GIVEN DATA:

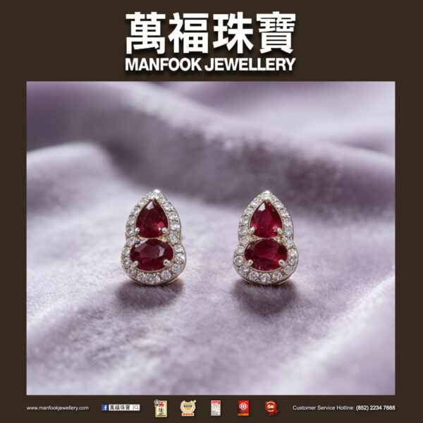 Pigeon blood ruby forms the outline of a gourd, while scattered diamonds outline its gentle curves. The red hue blends softly around the ear, revealing an elegant and ingenious Eastern design within its small space.
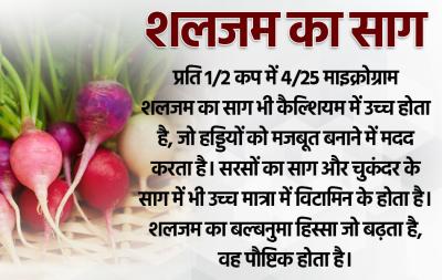 शलजम का साग भी कैल्शियम में उच्च होता है, जो हड्डियों को मजबूत बनाने में मदद करता है। सरसों का साग और चुकंदर के साग में भी उच्च मात्रा में विटामिन के होता है। शलजम का बल्बनुमा हिस्सा जो बढ़ता है, वह पौष्टिक होता है।
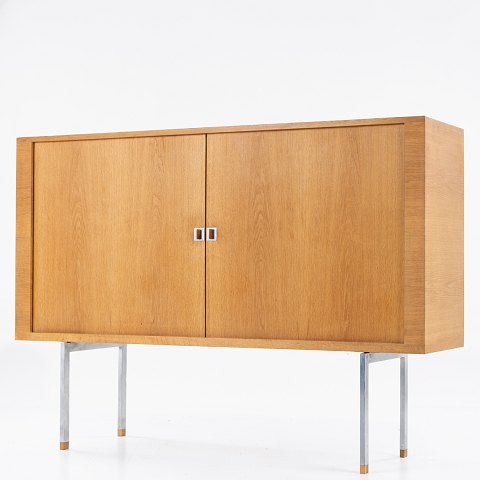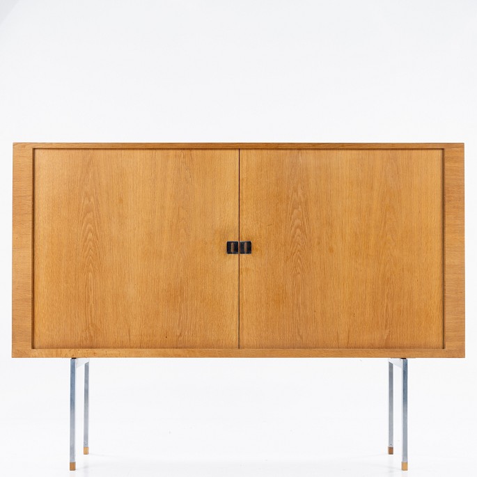 RY 25 - Høj skænk i patineret eg med jalousidøre og. beaf metal med fødder i eg.

ASSIGNMENT: Transcribe, without alteration, each line from the one with "शलजम का साग" through the last line of the data; no pictures belong in the copy.

FINISHED EXERCISE:
 शलजम का साग भी कैल्शियम में उच्च होता है, जो हड्डियों को मजबूत बनाने में मदद करता है। सरसों का साग और चुकंदर के साग में भी उच्च मात्रा में विटामिन के होता है। शलजम का बल्बनुमा हिस्सा जो बढ़ता है, वह पौष्टिक होता है।
 RY 25 - Høj skænk i patineret eg med jalousidøre og. beaf metal med fødder i eg.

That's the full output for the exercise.